Roche Pharma Research and Early Development, Therapeutic Modalities, Roche Innovation Center Copenhagen, Hørsholm, Denmark.
Bristol Myers Squibb Research and Development, Princeton, New Jersey, USA.
Nucleic Acid Ther. 2022 Jun;32(3):151-162. doi: 10.1089/nat.2021.0071. Epub 2022 Feb 14.
Antisense oligonucleotides are a relatively new therapeutic modality and safety evaluation is still a developing area of research. We have observed that some oligonucleotides can produce acute, nonhybridization dependent, neurobehavioral side effects after intracerebroventricular (ICV) dosing in mice. In this study, we use a combination of , , and bioinformatics approaches to identify a sequence design algorithm, which can reduce the number of acutely toxic molecules synthesized and tested in mice. We find a cellular assay measuring spontaneous calcium oscillations in neuronal cells can predict the behavioral side effects after ICV dosing, and may provide a mechanistic explanation for these observations. We identify sequence features that are overrepresented or underrepresented among oligonucleotides causing these reductions in calcium oscillations. A weighted linear combination of the five most informative sequence features predicts the outcome of ICV dosing with >80% accuracy. From this, we develop a bioinformatics tool that allows oligonucleotide designs with acceptable acute neurotoxic potential to be identified, thereby reducing the number of toxic molecules entering drug discovery pipelines. The informative sequence features we identified also suggest areas in which to focus future medicinal chemistry efforts.

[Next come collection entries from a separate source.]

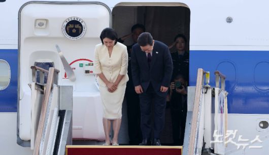 이재명 대통령과 부인 김혜경 여사가 23일 한일·한미 정상회담을 위해 경기도 성남 서울공항을 통해 출국하고 있다. 이 대통령 취임 후 2개월 만에 이뤄지는 첫 양자 방문외교이자 실용외교를 본격화하는 첫 걸음이다. 박종민 기자 |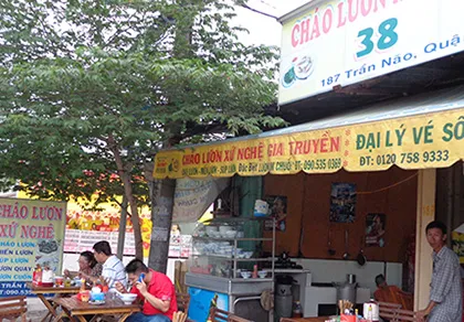 Mỗi con người xa xứ mang món ngon quê mình vào Sài Gòn đều “khẳng định” đó là “hàng” gia truyền, như thịt chó gia truyền Nam Định, phở gia truyền Quán Sứ (Hà Nội)… và đây là anh bạn cháo lươn gia truyền xứ Nghệ. Để “phân tách” và chỉ dấu cho bạn đồng hương Hà Tĩnh, anh bạn cháo lươn “trưng” luôn con số đầu 38 của biển số xe (Nghệ An là 37) lên bảng hiệu.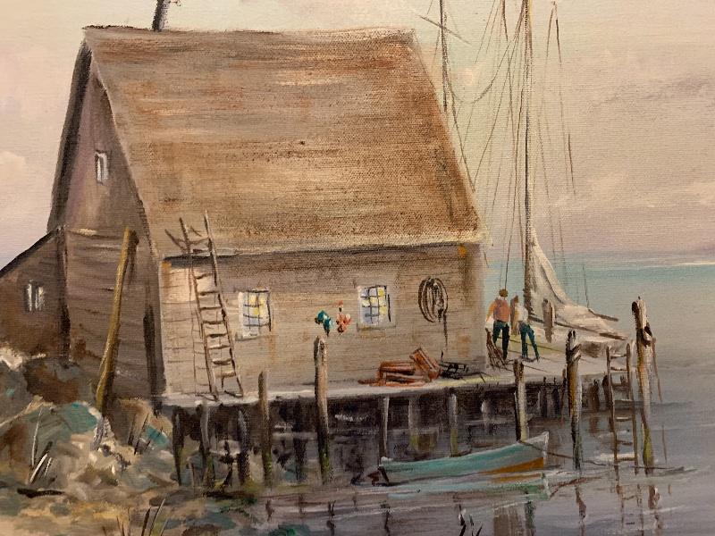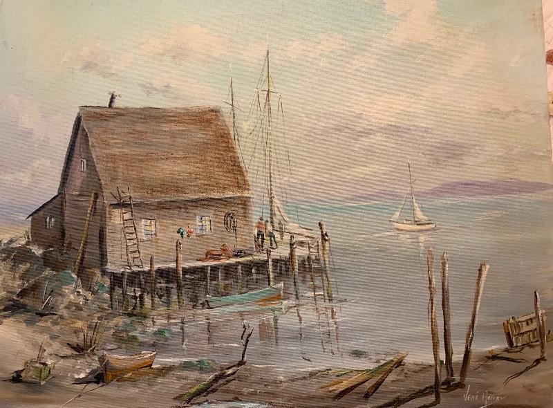 Pre-Owned Vere' Henry Painting Boat/Fishing Shack 24" x 20"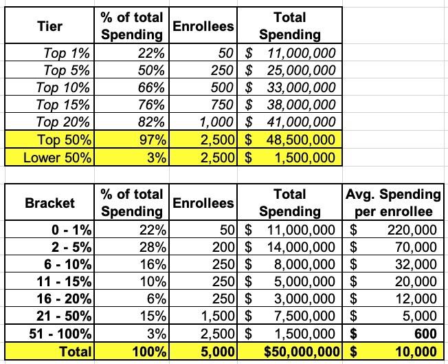 As you can see, in this example, there's around 50 enrollees who are racking up over $220,000 in medical spending per year, while 2,500 are averaging just $600/year apiece.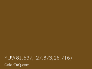 YUV 81.537,-27.873,26.716 Color is a dark orange color and the nearest color is Raw Umber #734a12. Hex code #704d19 and RGB value is rgb(112,77,25). In RGB color space, this color is composed of 44% red, 30% green, 10% blue, In CMYK color space, this color is composed of 0% cyan, 31% magenta, 78% yellow , 56% black , In HSL color space, this color has a hue angle of 36° , 64% saturation and 27% lightness.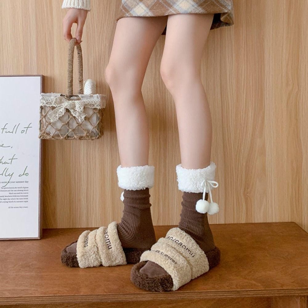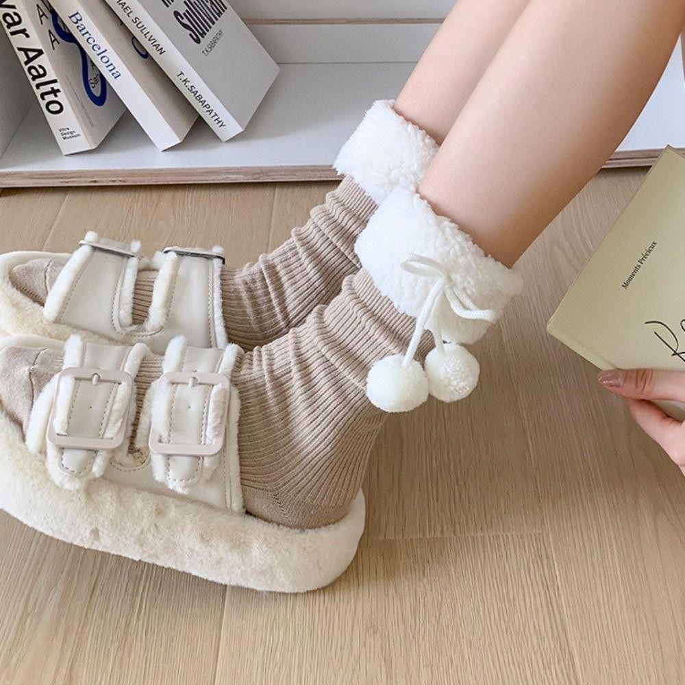 โบว์ถุงเท้าบูตหิมะ.Pushan ทำจากผ้าฝ้ายสีทึบ สวมใส่ง่ายและให้ความอบอุ่นสำหรับฤดูหนาว

反义寡核苷酸是一种相对较新的治疗方式,安全性评估仍然是一个不断发展的研究领域。我们观察到,一些寡核苷酸在小鼠脑室内(ICV)给药后会产生急性、非杂交依赖性的神经行为副作用。在这项研究中,我们结合使用、、和生物信息学方法来确定一种序列设计算法,该算法可以减少在小鼠中合成和测试的急性毒性分子的数量。我们发现一种测量神经元细胞中自发钙振荡的细胞测定法可以预测 ICV 给药后的行为副作用,并可能为这些观察结果提供机制解释。我们确定了在引起这些钙振荡减少的寡核苷酸中过度或不足表达的序列特征。五个最具信息量的序列特征的加权线性组合可以预测 ICV 给药的结果,准确率超过 80%。由此,我们开发了一种生物信息学工具,可以识别具有可接受的急性神经毒性潜力的寡核苷酸设计,从而减少进入药物发现管道的有毒分子数量。我们确定的有信息量的序列特征还提示了需要集中精力进行未来药物化学研究的领域。